Within Delft University of Technology, I am affiliated with the following groups:

• BioMechatronics & BioRobotics (faculty of Mechanical Engineering)
• Control and Simulation (faculty of Aerospace Engineering)

Understanding and mitigating biodynamic feedthrough in human-machine-interfaces

Inside a moving vehicle humans are subjected to accelerations. These accelerations may interfere with manual control tasks, reducing manual control performance, in several different ways. For example, accelerations may cause involuntary limb motions, which can lead to involuntary control inputs. This phenomenon is called biodynamic feedthrough (BDFT). BDFT is known to reduce ride comfort, control accuracy and - above all - safety during the operation of large range of vehicles (e.g. air- and rotorcraft, automobiles, hydraulic and electric machinery) and can occur under many different circumstances. Particularly, in closed-loop systems, e.g., a pilot flying a helicopter, BDFT induced inputs can develop into a biodynamic coupling: divergent or weakly damped oscillatory involuntary control inputs, which can have catastrophic consequences.

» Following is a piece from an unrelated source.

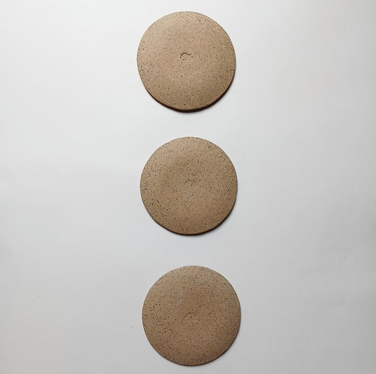 Plates are made individually by hand. Each dish is formed and shaped from rolled out slabs of clay then wheelthrown and fired in a kiln to over 1240 c.

Accelerations may also interfere with manual control performance through other mechanisms, such as visual impairment (‘blurring’ of visual input) or neuro-muscular interference (inducing errors in the percieved state of muscles and limbs). The combined effect of accelerations on manual control performance is labelled as biodynamic interference (see Fig. 1).

Fig. 1: Biodynamic interference refers to all mechanism by which accelerations interfere with manual control tasks. In our research we focus on biodynamic feedthrough.

Research Goal

Although biodynamic interferences have been studied in the past decades, many of their underlying mechanisms are only poorly understood. By measuring and modelling these effects we aim to increase our understanding of how accelerations influence manual control behavior. These insights will allow us  to design methods to mitigate biodynamic interference effects. Those methods could, for example, be employed to make flying helicopters safer and controlling electric wheelchairs easier. In our current research we primarily focus on biodynamic feedthrough.

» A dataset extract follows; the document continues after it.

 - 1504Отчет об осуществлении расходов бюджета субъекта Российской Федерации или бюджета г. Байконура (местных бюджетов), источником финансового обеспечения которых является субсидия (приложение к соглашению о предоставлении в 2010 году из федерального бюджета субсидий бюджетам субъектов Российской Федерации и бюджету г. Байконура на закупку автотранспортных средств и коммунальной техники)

Fig. 2: A model containing all relevant elements in an open-loop biodynamic feedthrough system. The figure was published in Venrooij et al. (August-2011).

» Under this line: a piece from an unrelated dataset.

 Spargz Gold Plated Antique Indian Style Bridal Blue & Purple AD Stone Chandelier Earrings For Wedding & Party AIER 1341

Adapting to the human operator

The occurrence of biodynamic interference is influenced by many different factors, which often show complex interactions. Examples of such factors are the control device dynamics and the acceleration frequency characteristics, but also more elusive concepts such as mental workload and fatigue. A particularly challenging aspect in biodynamic interference is the role of the human operator. Our research has shown that the limb dynamics of the human body influence the biodynamic feedthrough dynamics (see Fig. 3). Limb dynamics do not only differ from person to person, but can also vary significantly over time. Limb dynamics depend, amongst other factors,  on the manual control task the human operator is performing. For some tasks a ‘stiffer’ setting of the neuromuscular system may be beneficial where for other tasks a more ‘compliant’ setting is required. In order to mitigate biodynamic interference effects for varying settings of the limb dynamics, a cancellation solution is needed that is capable of adapting to changes in the state of the human operator.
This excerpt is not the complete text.